Record types allow variable lengths, e.g. strings(varchar).
Multiple record types in a file. e.g. Multitable Clustering File.

So how to store variable-length records in block?

Attributes in the record are stored in order (step 1: fixed-length attributes, step 2: variable-length attributes).
Variable length attributes represented by fixed size (offset, length), with actual data stored after all fixed length attributes.
Null values represented by null-value bitmap.

Figure 1: A record is stored in contiguous 46 bytes

Slotted Page Structure

The storage space is divided into fixed-sized slotted pages, \(4\) KB or \(8\) KB records are allocated to slotted pages.

分槽页结构：将 DB 文件存储空间在逻辑上为多个 page，每个 page 由多个 slot 组成。

Slotted page header contais
- Number of record entries.
- End of free space in the block.
- Location and size of each record.
Records can be moved around within a page to keep contiguous.
- \(r_{i}\) is deleted, and \(r_{i + 3}\), \(r_{i + 2}\), \(r_{i + 1}\) are moved to the free space created by deletion.
- Entry in the header must be updated, e.g. set to \(-1\).
Pointers should not point directly to record, instead they should point to the entry for the record in header.

Organization of Records in Files

DB file can be viewed as a set of records at logical level. Logical organization of records determine how to access the records. These records are logically organized as heap, sequential, hash and clustering.

*Heap File Organization

Any record can be placed anywhere in the file where there is space for the record. Data has no primary keys and no index.

There is no ordering of records.
Records usually do not move once allocated.
There is a single file for a relation.

Free space map

array with \(1\) entry per block
each entry records fraction of block that is free
for example, \(3\) bits (\(0\)-\(7\)) per block, value divided by \(8\) indicates fraction of block that is free

block	0	1	2	3	4	5	6	…
value	\(4\)	\(2\)	\(1\)	\(4\)	\(7\)	\(3\)	\(6\)	\(\cdots\)

block 0: \(4/8 = 50\%\) free
block 4: \(7/8 = 87.5\%\) free

Second level free space map. For example, each entry stores maximum \(4\) entries of first level free space map.

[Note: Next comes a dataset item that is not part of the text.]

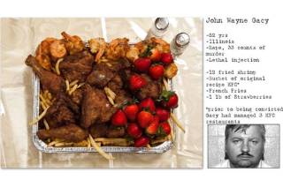 Ο Τζον Γουέιν Γκέισι από το Ιλινόις, ο οποίος εργαζόταν ως κλόουν, είχε καταδικαστεί για βιασμό και 33 δολοφονίες. Εκτελέστηκε με θανατηφόρο ένεση και επέλεξε για τελευταίο γεύμα 12 τηγανητές γαρίδες, ένα κουτί από το KFC, τηγανητές πατάτες και ένα κιλό φράουλες.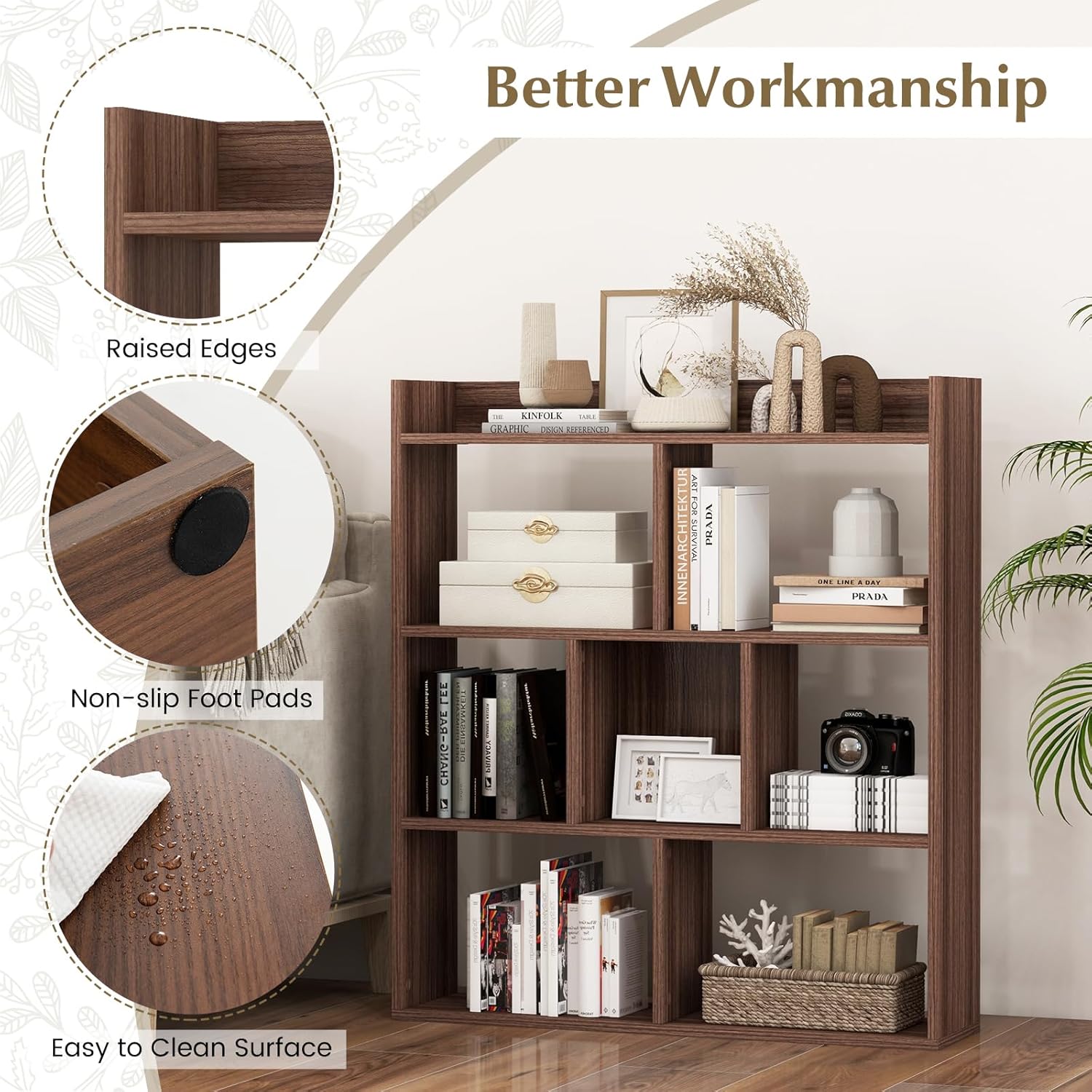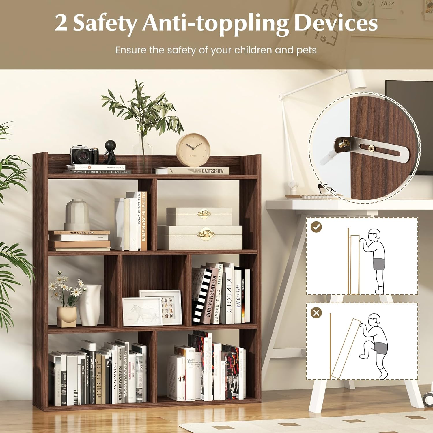 - [Safety First]: Our bookshelf comes with 2 anti-toppling devices for securing it to the wall, as well as anti-slip foot pads to prevent slipping and protect your floors. Raised edges also stop items from falling.

Sequential File Organization

Records are logically ordered by search keys. Records are stored in sequential order, based on the search key.

Records are physically stored in search-key order.
As close to search-key order as possible to minimize the number of block accesses in sequential processing.

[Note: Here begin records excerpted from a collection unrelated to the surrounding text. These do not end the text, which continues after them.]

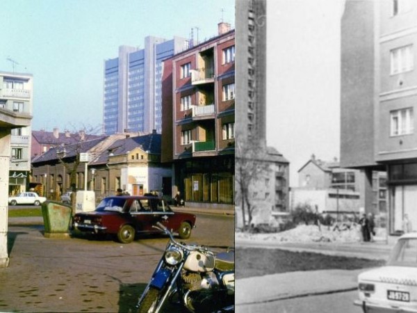 Kezdjük a régiebbi fotóval, a színes képpel! Az ismeretlen fotós valahol a mai rendezvénytér helyéről dolgozott, ahol még másfél évtizeddel ezelőtt is parkoló volt. A kép korát a hatvanas évek elején épült Múzeum éttermes társasház és a színe miatt „fradi ház” között látható Vízügyi székház segít meghatározni, hiszen, ha az már szerkezetkész volt, akkor legalább 1973-ban kellett dolgozni a fotósnak. Szerkezetkészségét egyébként a tetejéről még hiányzó vörös csillag, az ott lévő daruk, illetve a mai Boldog Sándor István – akkor Ságvári Endre – körút felőli oldalon álló külső lift is igazolja.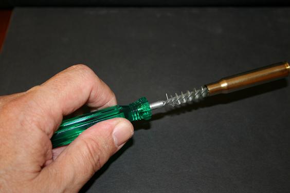 Como vamos a pasar a recalibrar, conviene limpiar bien el interior del cuello para que nada se interponga entre la oliva y la vaina. Hay que recordar cómo funciona un die. La vaina, y sobre todo el cuello, están expansionados y amoldados a la recámara. Es relación macho-hembra.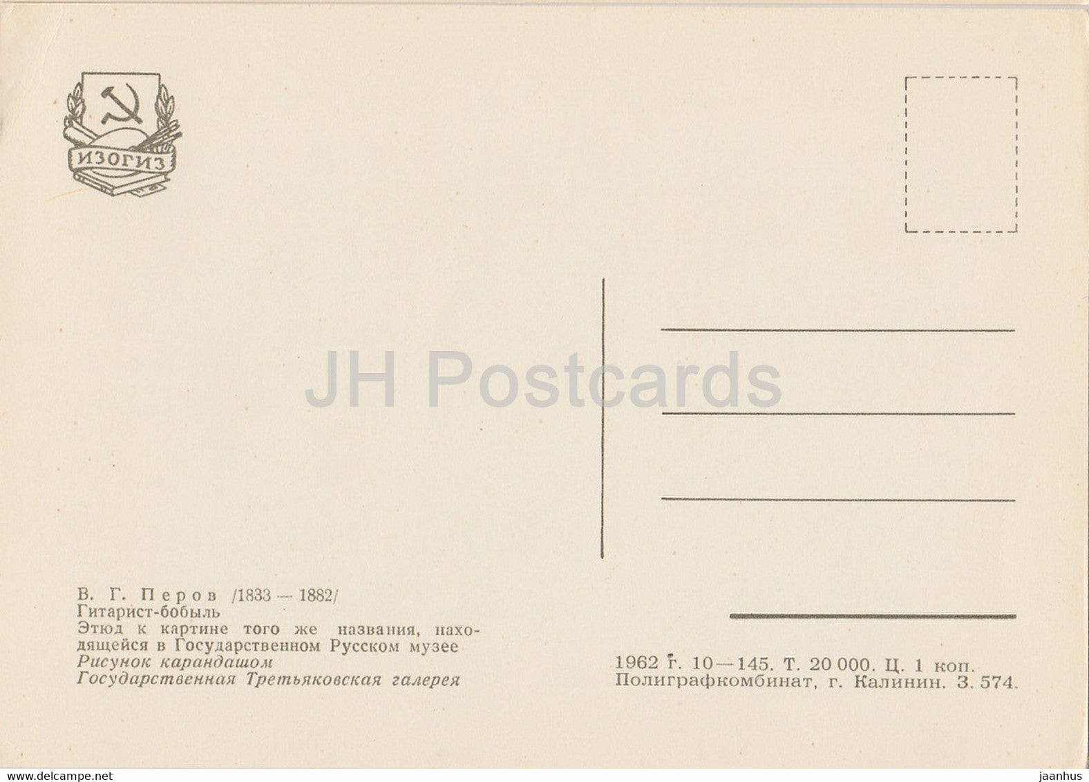 drawing by V. Perov - Guitarist - guitar - Russian art - 1962 - Russia USSR - unused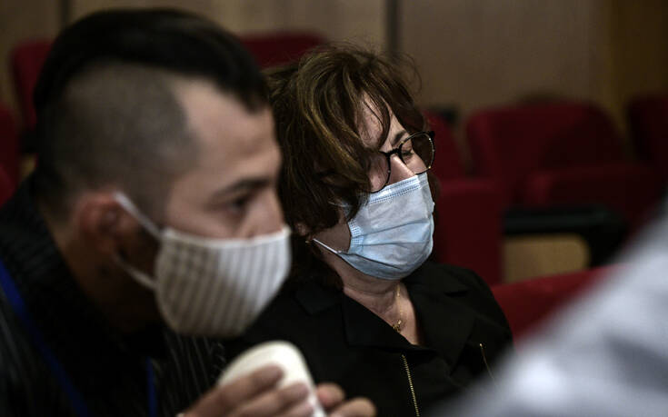 Στο πλευρό της είναι συγγενείς, δικηγόροι και φίλοι του Παύλου Φύσσα που έπεσαν στην αγκαλιά της μόλις η Πρόεδρος έδωσε τη λήξη της συνεδρίασης.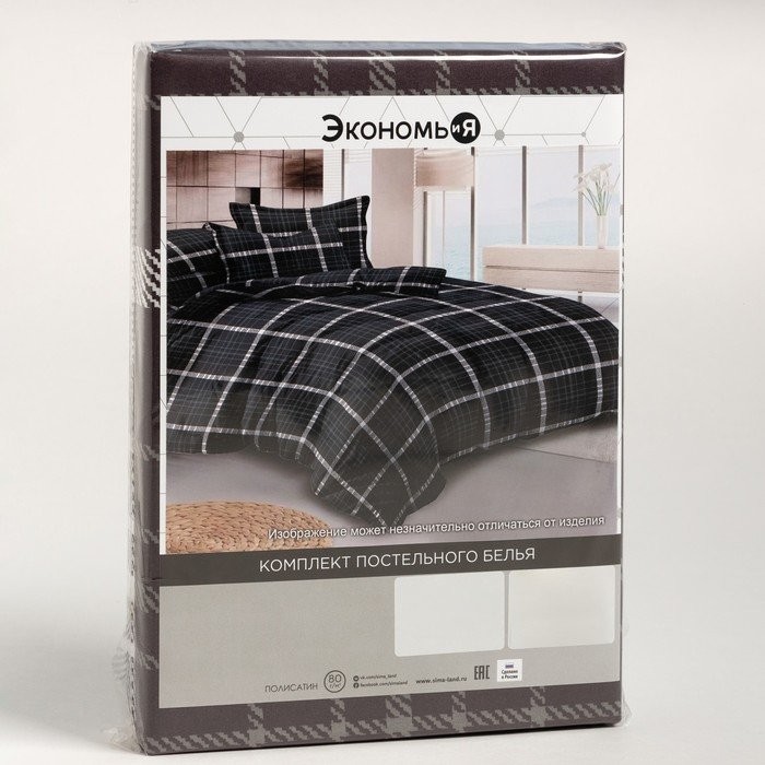 Постельное бельё Экономь и Я 1,5 сп «Клетка» (вид 2) 147×210 см, 150×215 см, 70×70 см-2 шт, полисатин, 80 г/м²

Chain together records by pointers.

The pointer in each record points to the next record in search-key order.
Sequential access to the file.

Some operations in sequential file organization

deletion: use pointer chains
insertion: locate the position where the record is to be inserted
- if there is free space insert here
- if no free space, insert the record in an overflow block
- in either case, pointer chain must be updated
need to reorganize the file from time to time to restore sequential order.

Clustering File Organization

Store several relations in one file using a multi-table clustering file organization. Records of several different relations are stored in the same file. This is because storing related records on the same block to minimize I/O.

Hashing File Organization

The file records are stored in buckets, and the bucket number is the address of the record. Hash function on some attributes (search key) determine the address of the records. The result of the function specifies in which block/bucket of the record should be placed.

Data Dictionary Storage

Data dictionary stores

Metadata: data about data, such as
- names of relations
- names, types and lengths of attributes
- names and definition of views
- integrity constraints
User and accounting information.
- passwords.
Statistical and descriptive data.
- number of tuples in each relation.
Physical file organization information.
- How relation is stored (sequential/hash/…).
- Physical location of relation.
Information about indices.

Relational representation is a specialized data structure designed for efficient access in memory.

Data Buffer

A DB file is partitioned into fixed-length storage units, called blocks. Blocks are units of both storage allocation and data transfer. DBS seeks to minimize the number of block transfers between the disk and main memory. We can reduce the number of disk accesses by keeping as many blocks as possible in main memory.

Def. Buffer is a portion of main memory available to store copies of disk blocks.

Def. Buffer manager allocates buffer space in main memory.

The buffer size is an adjustable parameter. It has impact on the system performance, e.g. throughput.

Buffer Management

Program (requester) calls on buffer manager when need block from disk.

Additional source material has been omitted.